Traveling abroad can also be problematic because leaving the U.S. can trigger inadmissibility grounds that you did not have to address in your initial U status application.
For example, let's say you overstayed your B-2 tourist visa by nine months when you applied for U status. You might not have needed to apply for a waiver of inadmissibility at that time because you had not yet "triggered" the unlawful presence ground by leaving the United States. For more on the grounds that might make you inadmissible to the U.S. see Inadmissibility: When the U.S. Can Keep You Out.
So, unless you are faced with an emergency situation that requires you to leave, it is not advisable to travel outside the U.S. while in U status.
If you do need to travel and you need to apply for a waiver of inadmissibility, you will need to file Form I-192, Application for Advance Permission to Enter as a Nonimmigrant with USCIS and this waiver must be approved before you can undergo consular processing.

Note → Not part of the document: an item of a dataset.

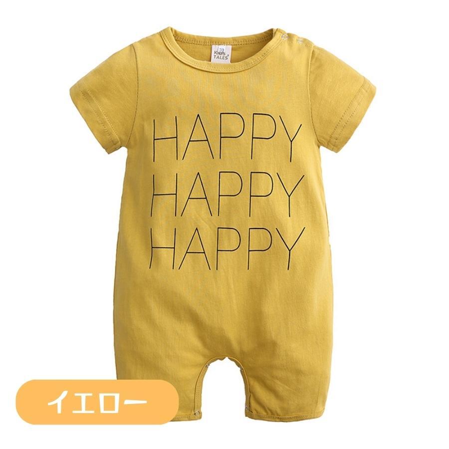> 半袖 5分丈 ロンパース やわらか素材 デザイン柄 韓国子供服 おしゃれ 乳幼児 キッズ ベビー服 (66, イエロー)

Even if you previously submitted a Form I-192 for other grounds of inadmissibility, you will need to submit a new one after leaving the United States. It can take several months to receive a decision and for the U.S. embassy or consulate to schedule an interview and process your visa.
If you are in U status, it's wise to consult an experienced immigration attorney before you leave the United States, because you might also have an issue eventually applying for a green card if you are outside the U.S. for too long.
You are eligible to apply for permanent residence after three years in U status if you have been physically present in the U.S. for a continuous period of three years. USCIS will determine that you have not met this requirement if you stay outside the U.S. for longer than 90 days or 180 days in total.
So, if you are stuck outside the U.S. waiting for a consulate to process your visa or for USCIS to make a decision on Form I-192 for longer than 90 days, you might not be able to ever get U.S. lawful permanent residence (a green card).